[mimictts] Fix ssml and playing from audiosinks using the audio servlet (#14120)

* [mimictts] Fix ssml and playing from an audiosink using the audio servlet Fix : - ssml not working - add an option to store the audio on a file before sending it to openhab. It enables audiosink based on the audio servlet to play the sound (the servlet requires the getClonedStream method, unavailable with a pure streaming approach). The files are stored in the user data directory and deleted as soon as possible (stream close detection). - fix error with voice name not encoded Signed-off-by: Gwendal Roulleau <gwendal.roulleau@gmail.com>
2023-01-14 09:39:59 +01:00
parent 0de87b15d2
commit d497defe34
6 changed files with 157 additions and 8 deletions
--- a/bundles/org.openhab.voice.mimictts/README.md
+++ b/bundles/org.openhab.voice.mimictts/README.md
@@ -17,6 +17,7 @@ It supports a subset of SSML, and if you want to use it, be sure to start your t
 Using your favorite configuration UI to edit **Settings / Other Services - Mimic Text-to-Speech** and set:

 * **url** - Mimic URL. Default to `http://localhost:59125`
+* **workaroundServletSink** - A boolean activating a workaround for audiosink using the openHAB servlet. It stores audio file temporarily on disk, allowing the servlet to get a cloned stream as needed. Default false.

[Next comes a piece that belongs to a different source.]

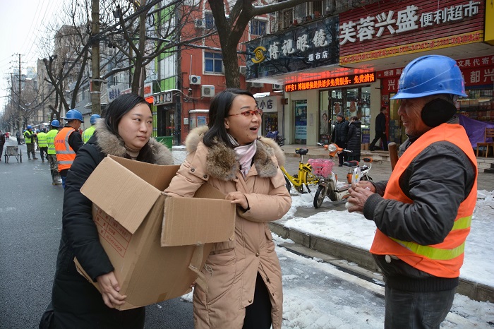 指針來到下午14時(shí),鐘鑫市政“鐵軍”在公司領(lǐng)導(dǎo)的帶領(lǐng)下,搶險(xiǎn)隊(duì)伍馬不停蹄地來到了國博大道。勘探完現(xiàn)場(chǎng)之后立即做出工作部署,將全體人員和機(jī)械按照路段劃分為三個(gè)路段進(jìn)行除雪破冰。下午的國博大道,寒風(fēng)凜冽,氣溫格外寒冷。好在鐘鑫公司的女同志們不顧嚴(yán)寒,精心準(zhǔn)備了充足的姜湯和熱騰騰的包子,為饑寒交迫的搶險(xiǎn)隊(duì)伍送來了熱飲和食物,姜湯驅(qū)除寒氣,食物更暖人心,隊(duì)伍在下午18時(shí)順利完成了清掃任務(wù)。期間,方紫微帶領(lǐng)部分人員火速馳援馬滄湖路進(jìn)行路面清掃,擼起袖子和大家伙兒一起干!清掃完畢的馬滄湖路煥然一新。

 * **speakingRate** - Controls how fast the voice speaks the text. A value of 1 is the speed of the training dataset. Less than 1 is faster, and more than 1 is slower.

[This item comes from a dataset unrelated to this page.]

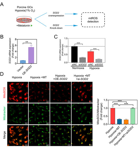 After overexpressing or knocking down SOD2 in GCs, we observed a substantial elevation in mRNA levels in the OE-SOD2 group (Figure 7A,B). Conversely, SOD2 knockdown led to a notable reduction in SOD2 expression levels, both in normoxic and hypoxic conditions (Figure 7C). However, when SOD2 was knocked down after melatonin treatment, the clearance of mtROS by melatonin was reversed (Figure 7D).

 * **audioVolatility** - The amount of noise added to the generated audio (0-1). Can help mask audio artifacts from the voice model. Multi-speaker models tend to sound better with a lower amount of noise than single speaker models.
 * **phonemeVolatility** - The amount of noise used to generate phoneme durations (0-1). Allows for variable speaking cadance, with a value closer to 1 being more variable. Multi-speaker models tend to sound better with a lower amount of phoneme variability than single speaker models.